Paragraph (9) of § 262(l) reinforces the just-described 

channeling of litigation and provides incentives for the 

applicant to proceed in those channels. It does so by 

addressing when declaratory-judgment actions are or are 

not available in certain circumstances—in (9)(C), as to 

applicants that simply bypass the process of information 

exchange that begins with (2)(A); and in (9)(A) and (B), as 

to applicants that begin but do not complete the process.
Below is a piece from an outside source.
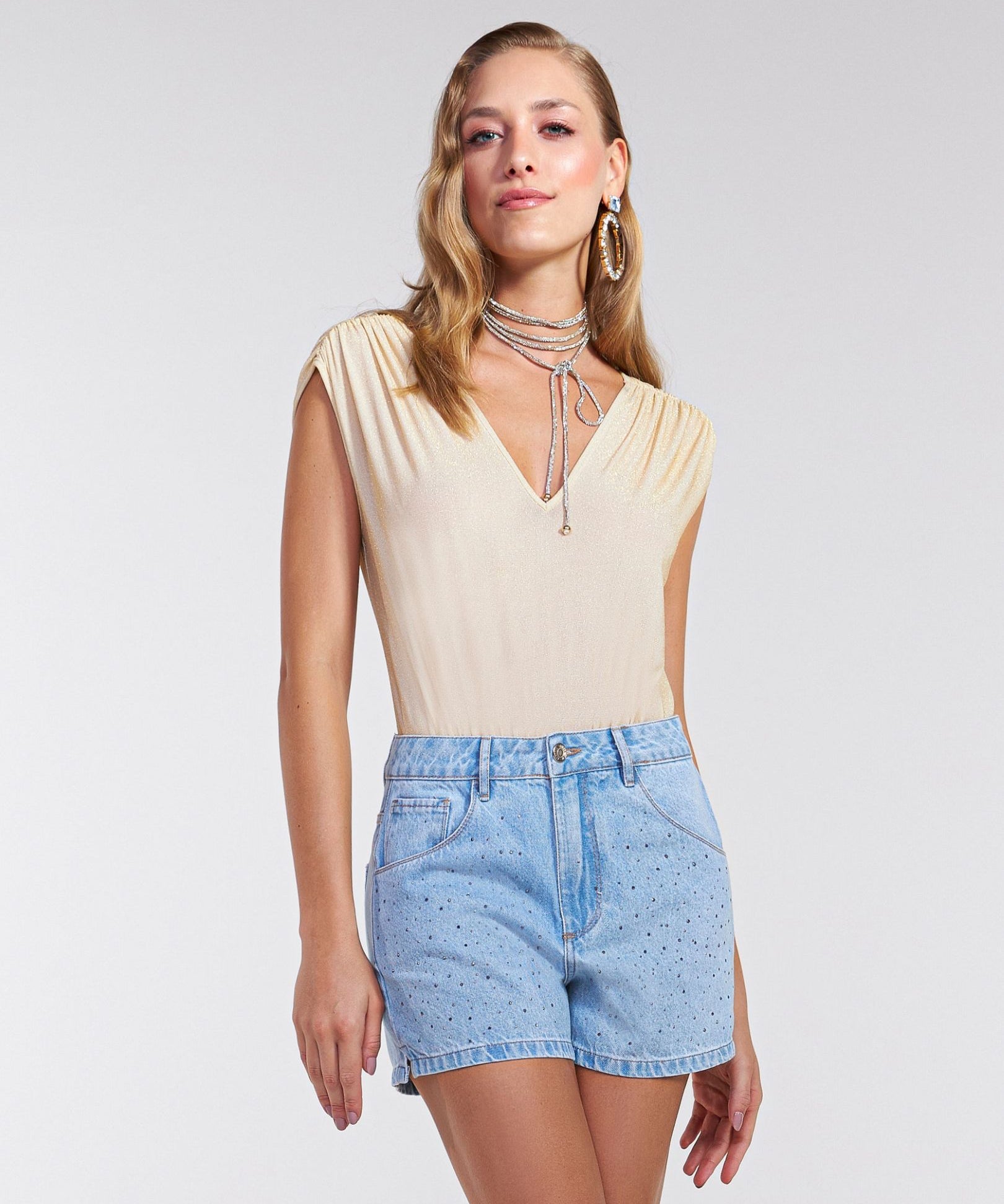 Bermuda Jorts de Alfaiataria com Botão Dourado

(9)(C) addresses an applicant that does not even provide the first-step notice under (2)(A). For such an applicant, the reference product sponsor, but not the applicant,

may bring an action under 28 U.S.C. § 2201 for a declaratory judgment of “infringement, validity, or enforceability 

of any patent that claims the biological product or a use of 

the biological product.” § 262(l)(9)(C). The subject of such 

action is not limited by reference to any patent lists.

(9)(A) and (B) together address an applicant that does 

provide the (2)(A) notice. (9)(A) protects the two-stage 

litigation scheme under paragraphs (6) and (8): it declares 

that neither side may bring a declaratory-judgment action 

relating to any patent described in (8)(B) for the secondstage litigation until after the (post-licensure) 180-day 

notice of commercial marketing under (8)(A) is received.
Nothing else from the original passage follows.